Microscopic examination of the excised mass revealed that it was composed of benign, mature adipocytes. Septa containing thick-walled blood vessels with occasional perivascular smooth muscle were observed. Notably, there was no evidence of malignancy or atypia within the adipocytes. In addition to the uterine findings, the examination revealed atrophic changes in the endometrium, benign Nabothian cysts in the cervix, and the presence of ovarian cortical inclusion cysts and paratubal cysts.
Immunohistochemical staining was performed to further characterize the tissue. The results showed focal desmin and smooth muscle actin (SMA) positivity around the blood vessels, indicating the presence of smooth muscle in the fibrous septa. However, other markers, including MDM2, HMB-45, and Melan-A, were negative. Furthermore, the Ki-67 proliferation index was very low, providing additional evidence of the lesion’s benign nature.
Based on the comprehensive histopathological evaluation, the final diagnosis was established as a benign intramural uterine lipoma with focal smooth muscle around blood vessels. The patient’s postoperative recovery was uneventful, with no complications reported. Subsequent follow-up examinations indicated that she remained in good health and exhibited no adverse effects from the surgery.
Lipomatous tumors of the uterus encompass various entities, including pure lipomas, lipoleiomyomas, angiomyolipomas, fibromyolipomas, lipofibromas, and liposarcomas. Differential diagnosis of pelvic tumors containing fat also includes ovarian teratomas, myelolipomas, and pelvic lipomatosis.
Uterine lipomatous tumors, particularly pure lipomas, are exceedingly rare, with reported incidences ranging from 0.03% to 0.25%. These benign tumors are more commonly encountered in post-menopausal women and are typically located in the fundus of the uterus.

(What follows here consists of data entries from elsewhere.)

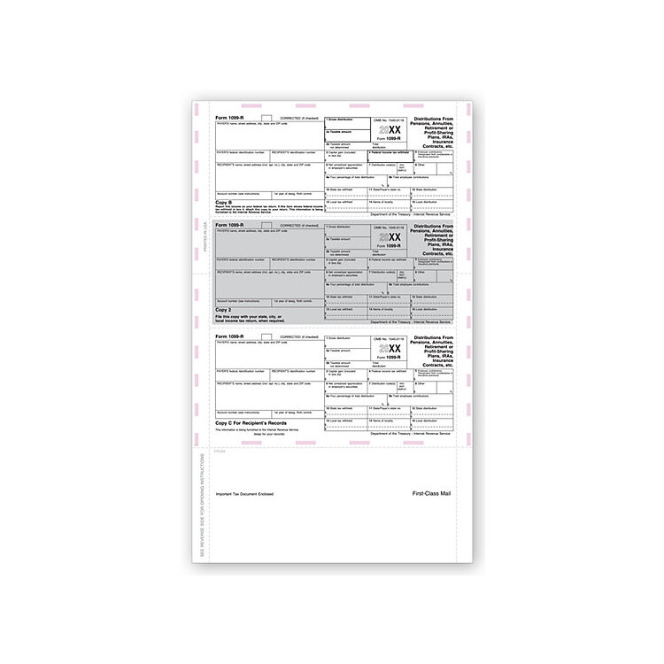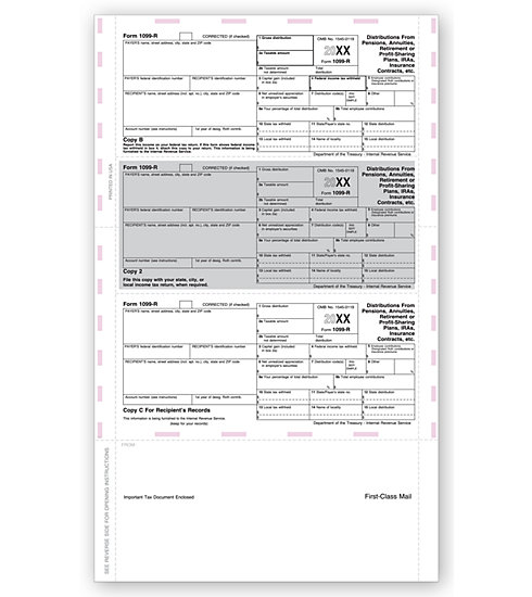 Laser 1099-R Tax Forms - Horizontal, Pressure Seal, 3-Up (TF5503)
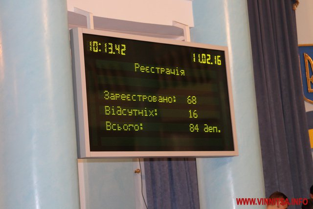 На початку сесії зареєструвались 68 депутатів, шляхом підняття рук. Потім відбулось голосування за те щоб працювати під час сесійного засідання і проводити підрахунок голосів за допомогою системи «Рада», яка була встановлена ще в 2004 році. Аналогічна система голосування встановлена у Верховній Раді України. За кожним депутатом закріплено місце, обладнане електронним пультом для голосування, запису на виступ, мікрофоном, міні-монітором, мікрофоном  для виступу з місця. Всі результати голосувань виводяться а екран, вони є поіменними і виборці бачать які рішення приймає кожен обранець.
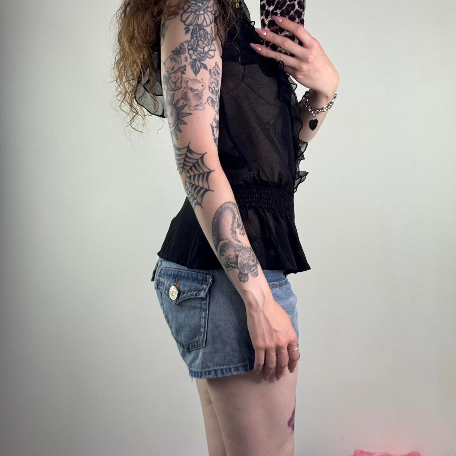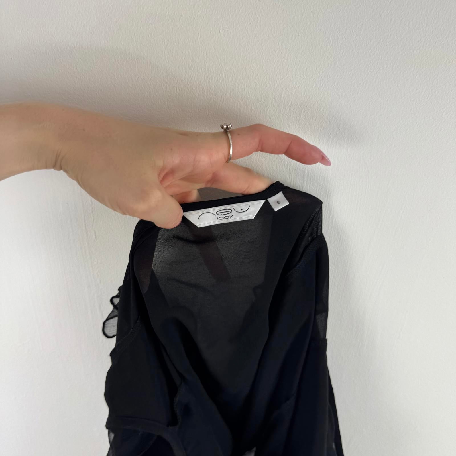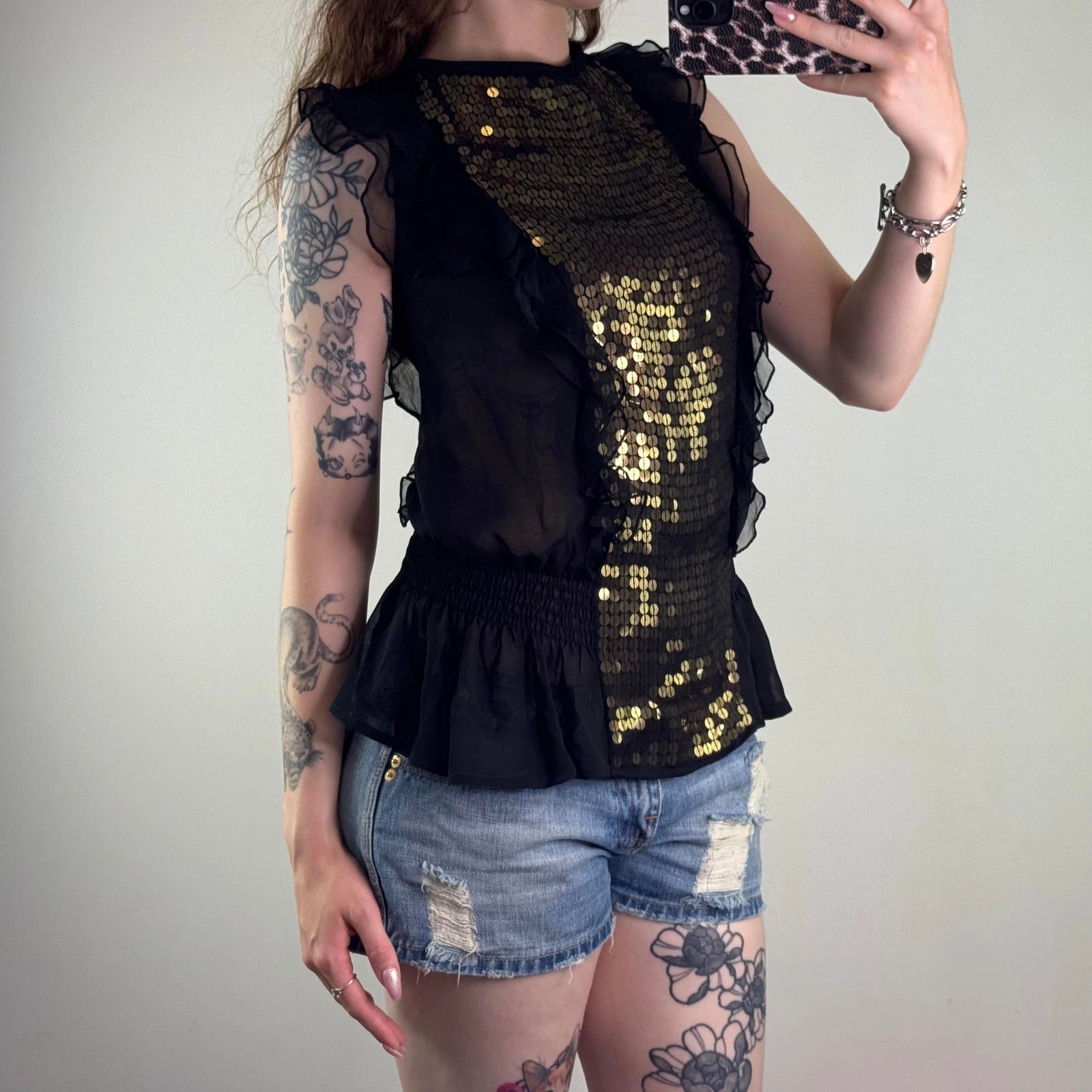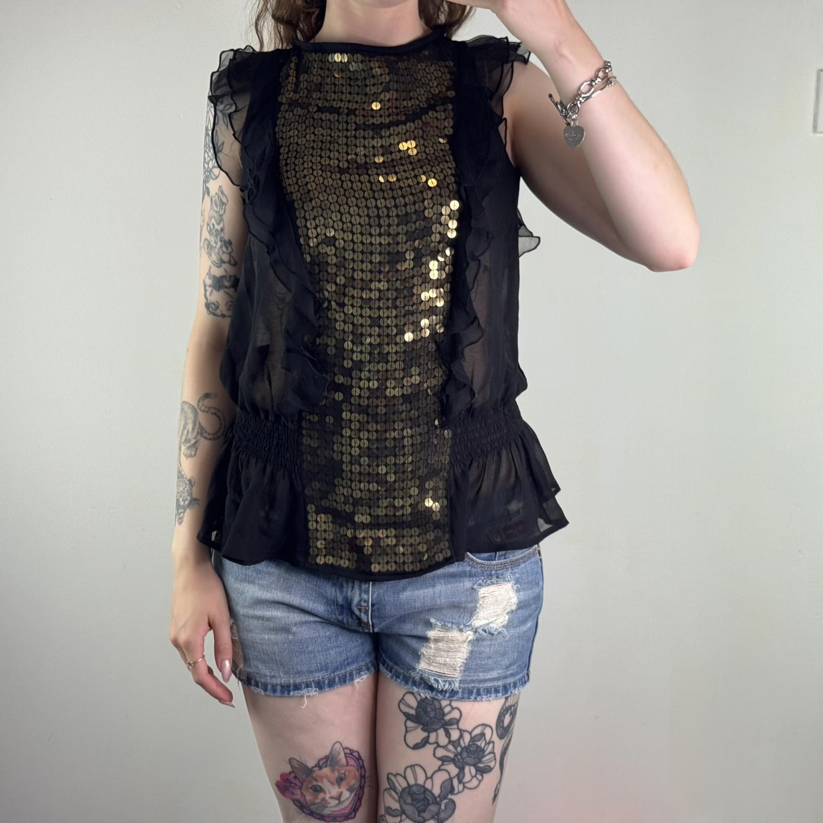 Y2K vintage sheer sequin top frill gold embellished open back bow black party
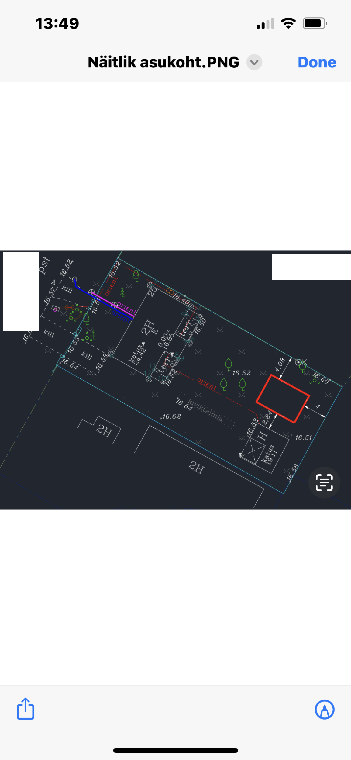 Oleks vaja kanalisatsiooniprojekti. Muugal tagaaeda vaja paigaldada aiamaja seega vaja vedada kanal ja vesi tänavapoolsest liitumiskohast. Krundi suurus 800m2. Punasega on märgitud aiamaja asukoht ja joonisel on ka olemasolev kanal suure majani.

The histogenesis or origin of these tumors remains a subject of debate, mainly because adipose tissue is not a normal constituent of the uterus. Several hypotheses have been proposed, including lipoblastic differentiation of misplaced embryonic mesoderm, metaplasia of smooth muscle or connective tissue into adipose cells, fatty infiltration or degeneration of connective tissue, perivascular fat cell proliferation, and migration of adipose cells through uterine vessels.
Distinguishing lipomas from other mixed lipomatous tumors can be challenging. However, lipomas are typically diagnosed when lesions are predominantly composed of encapsulated mature adipose tissue, sometimes containing fibrovascular septa. The presence of smooth muscle, when it occurs, is usually limited to the periphery of the tumor or, as seen in our case, can exhibit very focal smooth muscle around blood vessels within the fibrous septa.
Immunohistochemistry can aid in differentiating lipomas from other entities containing adipose tissue. SMA and desmin staining can highlight the presence of smooth muscle and its extent, aiding in distinguishing lipomas from lipoleiomyomas. Other markers, such as HMB-45 and Melan-A, are positive in angiomyolipomas, while MDM2 is positive in liposarcomas. Additionally, a low Ki-67 proliferation index, as observed in our case, further supports the benign nature of the lesion.
Uterine lipomas are exceptionally rare benign tumors, often encountered in post-menopausal women. While radiological imaging may suggest a preliminary diagnosis, most cases are ultimately confirmed through histopathological examination. To ensure an accurate diagnosis and differentiation from other lipomatous uterine tumors, thorough sampling, and immunohistochemical staining are crucial. This case underscores the importance of considering uterine lipomas in the differential diagnosis of pelvic masses and highlights the need for further research to better understand the histogenesis of these rare tumors.